I have written the following code for the above equations.
% paramters
global P R T L epsf pel tc epstar beta Keq cref yin sh gamma p
% paramters
L = 6e-2; % in m
epsf = 0.43;
beta = 46.65;
Keq = 75;
epstar = epsf + Keq*beta;
pel = 21.73;
tc = 140e-3; % in sec
P = 1e5; % in pascals
R = 8.314; % in j/mol-k
T = 323; % in K
cref = P/(R*T); % in mol/m3
yin = 2420;
sh = 4.51;
gamma = 0.111;
p = 0.0326;
% defining mesh
xmesh = linspace(0,1,300);
tmesh = linspace(0,1500,500);
% using pdepe solver
m = 0;
sol = pdepe(m,@adsorp,@adsorpic,@adsorpbc,xmesh,tmesh);
% % plotting results
% plot(tmesh,sol(:,end)*1e6*R*T/P)
% xlabel('time (sec)')
% ylabel('concentration (ppm)')
function [c,f,s] = adsorp(x,t,u,dudx)
global epsf beta pel sh p gamma Keq
c = [epsf; beta];
f = [((1/pel)*dudx(1));0 ];
s = [-dudx(1)-(sh/p)*(u(1)-(gamma*u(1)+beta*u(2)/Keq)/(gamma+beta*(1-u(2)))); (sh/p)*(u(1)-(gamma*u(1)+beta*u(2)/Keq)/(gamma+beta*(1-u(2))))];
end
function u0 = adsorpic(x)
u0 = [0;0];
end
function [pl,ql,pr,qr] = adsorpbc(xl,ul,xr,ur,t)
global yin
pl = [ul(1)-yin;0];
ql = [1;0];
pr = [0;0];
qr = [1;0];
end
when I am running above code I am getting error as follows:
Error using pdepe (line 293)
Spatial discretization has failed.
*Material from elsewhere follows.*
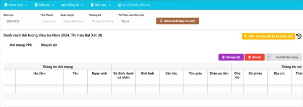 Trong quá trình lọc tìm đối tượng thì Thầy/Cô có thể check vào ô Đối tượng PPC để loại bỏ những đối tượng khuyết tật, chuyển đi.

Discretization supports only parabolic and elliptic equations, with flux term
involving spatial derivative.
Error in systemofpdesusingpdepe (line 27)
sol = pdepe(m,@adsorp,@adsorpic,@adsorpbc,xmesh,tmesh);
Can someone please tell whether the pdepe solver can be used for these type of problems? Also suggestions on the method to solve above equations is very much appreciated.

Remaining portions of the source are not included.